Prompt: The reply should hold only the lines from the one with "Bloomberg Technoz, Jakarta" to the one with "增压泵用来提升系统供水压力;", both ends kept, exactly as they appear below, without any pictures.

Records from a dataset:
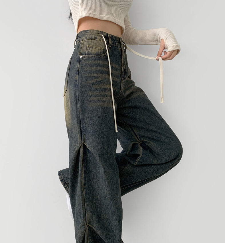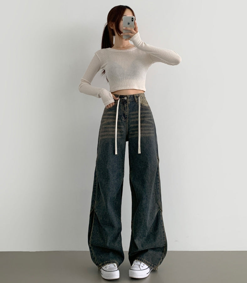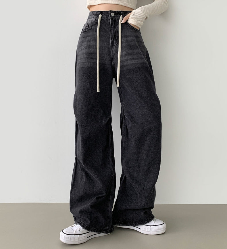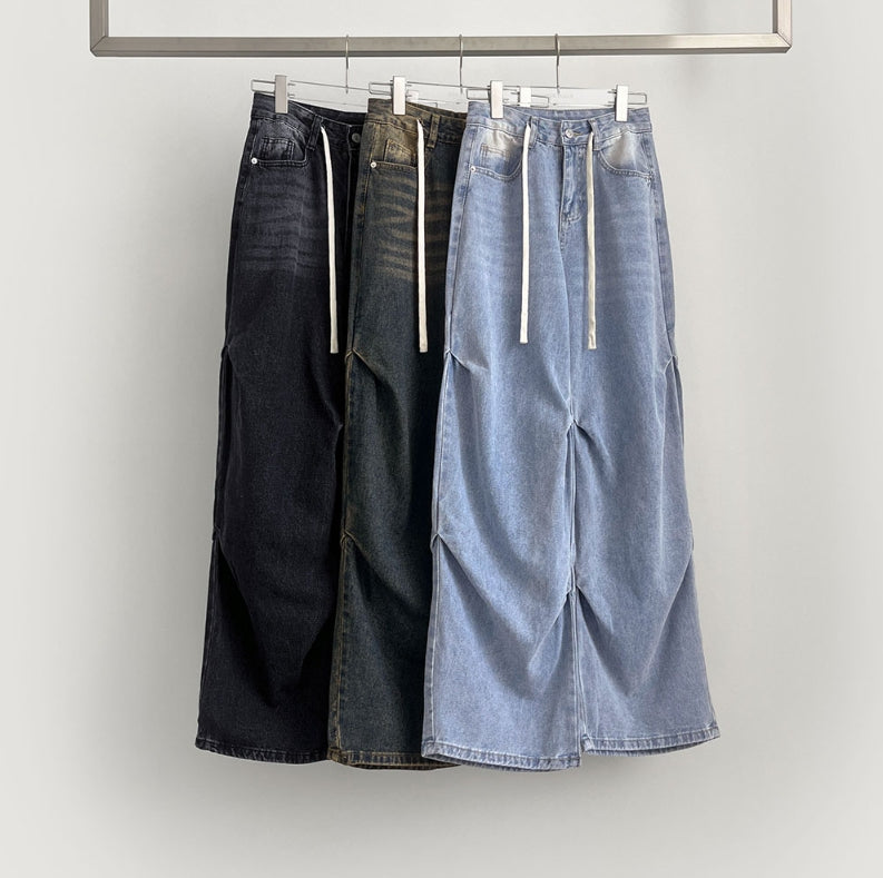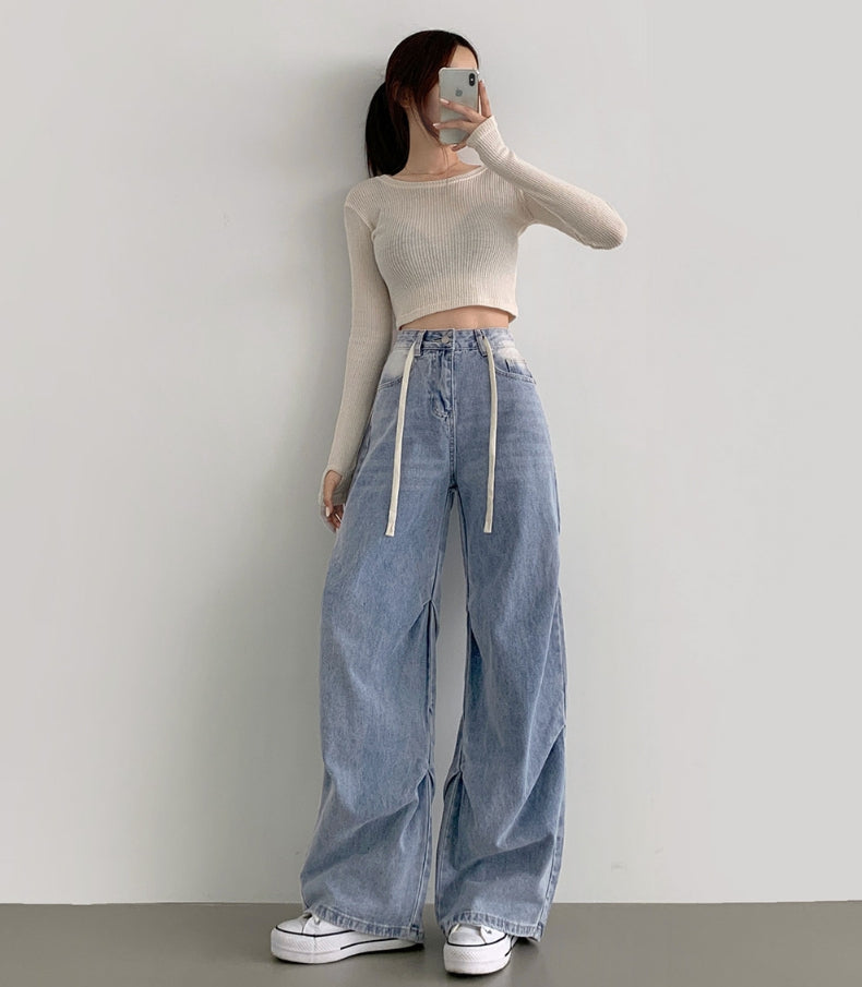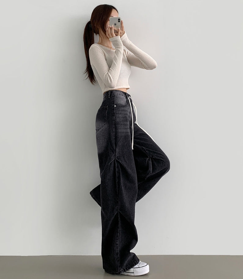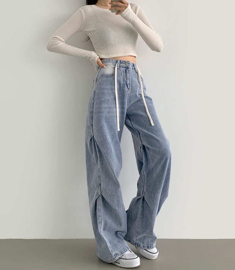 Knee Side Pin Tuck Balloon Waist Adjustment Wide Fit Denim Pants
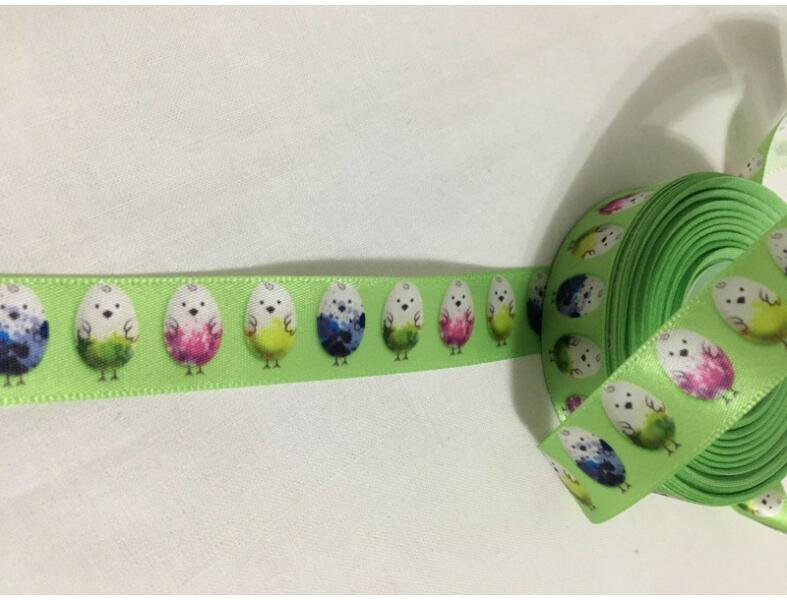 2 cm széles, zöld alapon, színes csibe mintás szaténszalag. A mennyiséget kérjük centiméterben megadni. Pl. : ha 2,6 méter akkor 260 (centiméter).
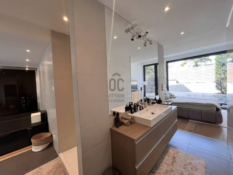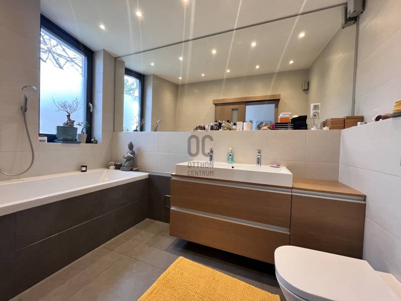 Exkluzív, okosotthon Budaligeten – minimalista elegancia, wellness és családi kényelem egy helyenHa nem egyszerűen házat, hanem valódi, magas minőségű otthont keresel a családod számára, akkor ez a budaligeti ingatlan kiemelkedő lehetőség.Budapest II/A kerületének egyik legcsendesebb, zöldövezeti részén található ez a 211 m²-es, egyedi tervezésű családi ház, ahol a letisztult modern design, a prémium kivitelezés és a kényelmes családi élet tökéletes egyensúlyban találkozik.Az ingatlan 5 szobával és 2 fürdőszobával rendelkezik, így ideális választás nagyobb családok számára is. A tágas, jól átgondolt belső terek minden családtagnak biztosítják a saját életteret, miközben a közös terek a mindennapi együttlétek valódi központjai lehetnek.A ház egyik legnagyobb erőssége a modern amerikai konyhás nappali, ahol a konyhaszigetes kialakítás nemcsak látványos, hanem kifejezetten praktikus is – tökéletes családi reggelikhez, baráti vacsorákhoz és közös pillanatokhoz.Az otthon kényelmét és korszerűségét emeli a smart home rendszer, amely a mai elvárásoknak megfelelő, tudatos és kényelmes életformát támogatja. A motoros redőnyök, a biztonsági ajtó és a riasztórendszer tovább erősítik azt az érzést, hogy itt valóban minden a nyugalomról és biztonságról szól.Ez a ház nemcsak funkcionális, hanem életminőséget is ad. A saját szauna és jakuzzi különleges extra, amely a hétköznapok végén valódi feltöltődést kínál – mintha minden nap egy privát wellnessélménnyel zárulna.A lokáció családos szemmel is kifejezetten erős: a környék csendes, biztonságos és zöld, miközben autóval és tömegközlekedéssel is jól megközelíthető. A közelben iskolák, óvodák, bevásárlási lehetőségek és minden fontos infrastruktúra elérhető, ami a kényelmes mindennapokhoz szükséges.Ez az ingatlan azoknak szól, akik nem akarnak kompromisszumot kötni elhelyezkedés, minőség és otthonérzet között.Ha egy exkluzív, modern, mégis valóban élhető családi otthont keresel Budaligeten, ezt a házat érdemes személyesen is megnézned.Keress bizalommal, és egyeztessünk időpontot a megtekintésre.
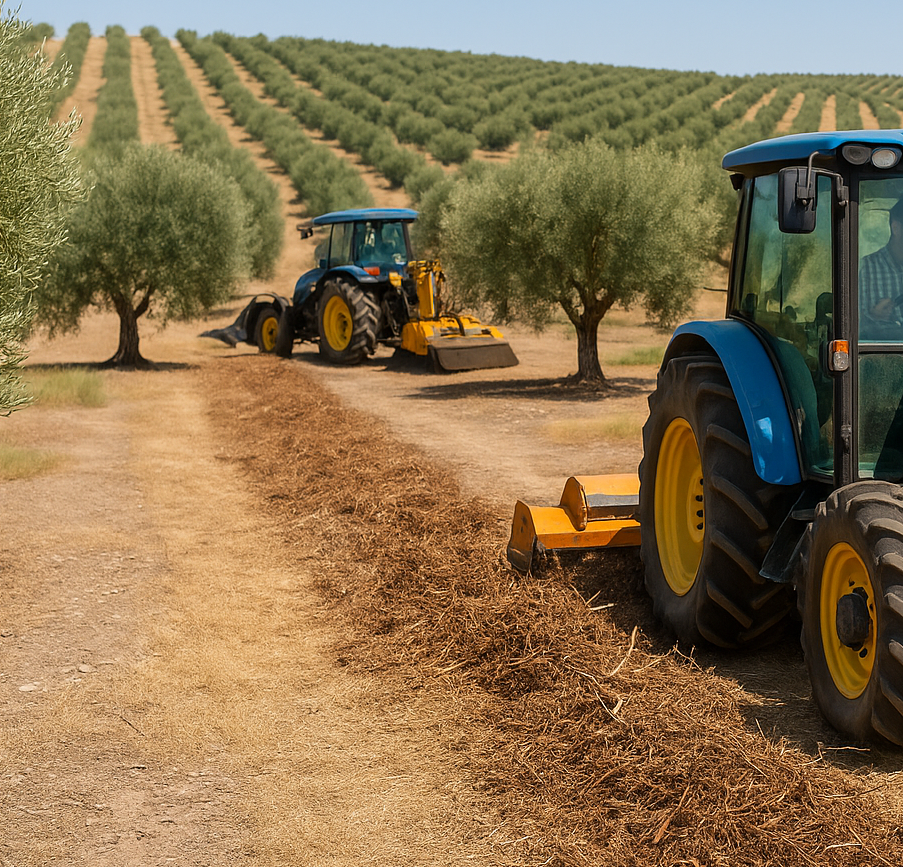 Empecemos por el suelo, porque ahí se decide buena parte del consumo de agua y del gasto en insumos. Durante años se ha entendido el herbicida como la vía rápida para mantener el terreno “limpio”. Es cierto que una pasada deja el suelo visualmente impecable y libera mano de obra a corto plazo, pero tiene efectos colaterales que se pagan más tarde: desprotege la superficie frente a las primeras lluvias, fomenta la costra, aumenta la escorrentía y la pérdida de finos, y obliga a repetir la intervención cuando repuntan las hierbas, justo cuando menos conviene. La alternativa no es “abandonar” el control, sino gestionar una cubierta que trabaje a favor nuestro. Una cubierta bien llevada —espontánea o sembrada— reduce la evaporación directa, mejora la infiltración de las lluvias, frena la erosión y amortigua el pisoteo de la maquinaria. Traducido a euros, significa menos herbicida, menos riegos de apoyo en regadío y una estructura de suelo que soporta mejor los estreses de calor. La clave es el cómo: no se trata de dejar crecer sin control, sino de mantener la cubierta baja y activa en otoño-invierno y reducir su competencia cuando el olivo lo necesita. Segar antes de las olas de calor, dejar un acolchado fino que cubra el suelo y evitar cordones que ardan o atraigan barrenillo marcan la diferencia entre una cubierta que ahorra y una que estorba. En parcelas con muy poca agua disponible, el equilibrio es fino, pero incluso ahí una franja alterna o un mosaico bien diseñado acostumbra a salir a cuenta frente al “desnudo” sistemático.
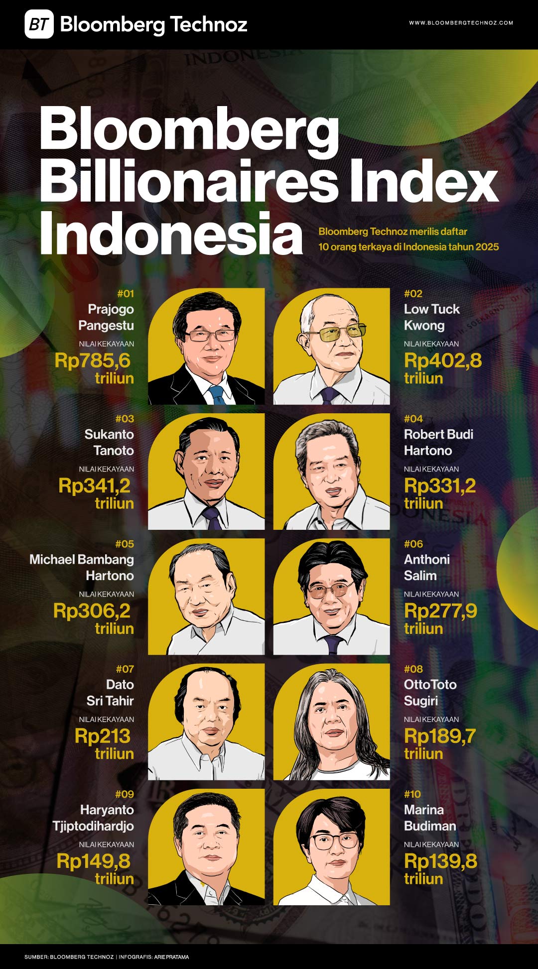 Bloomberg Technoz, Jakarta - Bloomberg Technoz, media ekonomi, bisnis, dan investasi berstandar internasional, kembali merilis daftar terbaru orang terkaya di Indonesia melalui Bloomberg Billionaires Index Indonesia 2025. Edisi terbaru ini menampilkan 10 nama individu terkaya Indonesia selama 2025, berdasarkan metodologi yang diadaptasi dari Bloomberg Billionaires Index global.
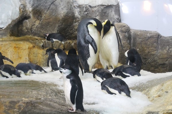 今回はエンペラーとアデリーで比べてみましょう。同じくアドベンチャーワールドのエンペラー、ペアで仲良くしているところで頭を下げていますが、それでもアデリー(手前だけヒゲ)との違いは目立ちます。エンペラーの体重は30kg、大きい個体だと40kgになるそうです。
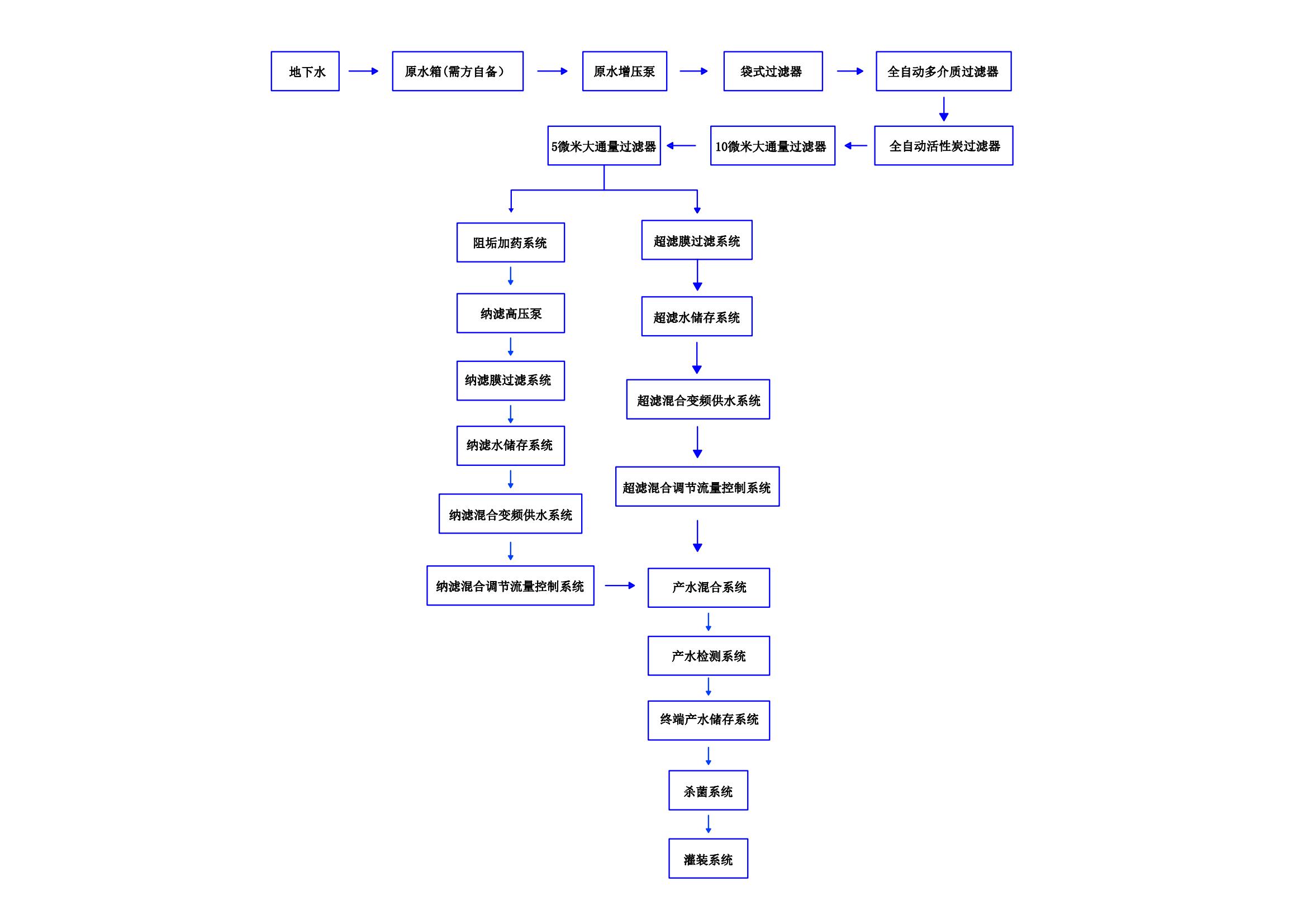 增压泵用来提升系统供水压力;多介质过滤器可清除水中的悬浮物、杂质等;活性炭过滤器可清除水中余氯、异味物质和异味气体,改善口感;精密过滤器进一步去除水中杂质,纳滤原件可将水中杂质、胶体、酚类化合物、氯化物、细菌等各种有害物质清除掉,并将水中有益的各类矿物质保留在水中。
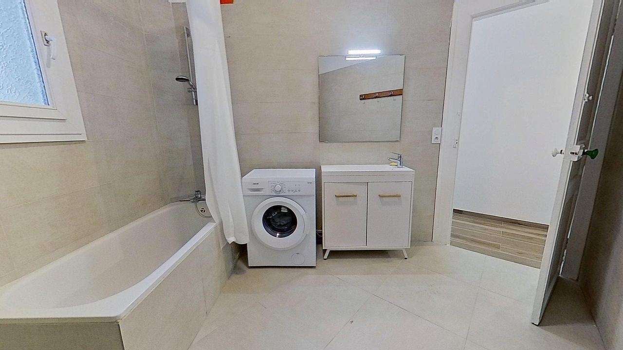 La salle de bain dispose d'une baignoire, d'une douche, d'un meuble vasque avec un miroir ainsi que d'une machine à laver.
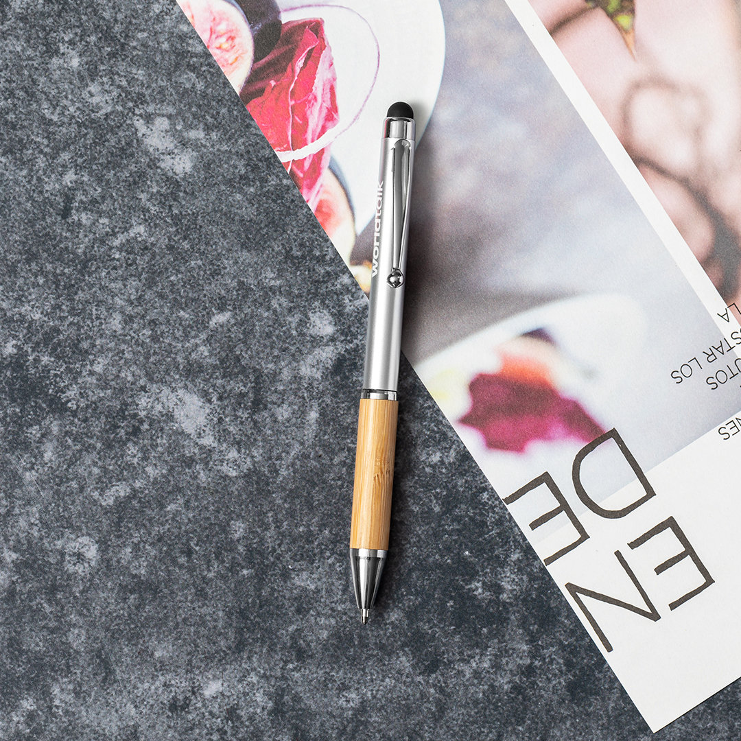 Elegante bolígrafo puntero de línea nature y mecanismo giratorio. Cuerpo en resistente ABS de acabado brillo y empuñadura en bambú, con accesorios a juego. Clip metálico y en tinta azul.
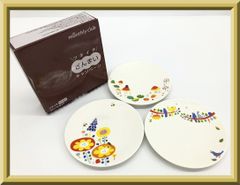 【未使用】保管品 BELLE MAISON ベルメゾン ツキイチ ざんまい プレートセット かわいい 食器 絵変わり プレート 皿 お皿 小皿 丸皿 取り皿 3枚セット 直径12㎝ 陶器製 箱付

Problem solution:
 Bloomberg Technoz, Jakarta - Bloomberg Technoz, media ekonomi, bisnis, dan investasi berstandar internasional, kembali merilis daftar terbaru orang terkaya di Indonesia melalui Bloomberg Billionaires Index Indonesia 2025. Edisi terbaru ini menampilkan 10 nama individu terkaya Indonesia selama 2025, berdasarkan metodologi yang diadaptasi dari Bloomberg Billionaires Index global.
 今回はエンペラーとアデリーで比べてみましょう。同じくアドベンチャーワールドのエンペラー、ペアで仲良くしているところで頭を下げていますが、それでもアデリー(手前だけヒゲ)との違いは目立ちます。エンペラーの体重は30kg、大きい個体だと40kgになるそうです。
 增压泵用来提升系统供水压力;多介质过滤器可清除水中的悬浮物、杂质等;活性炭过滤器可清除水中余氯、异味物质和异味气体,改善口感;精密过滤器进一步去除水中杂质,纳滤原件可将水中杂质、胶体、酚类化合物、氯化物、细菌等各种有害物质清除掉,并将水中有益的各类矿物质保留在水中。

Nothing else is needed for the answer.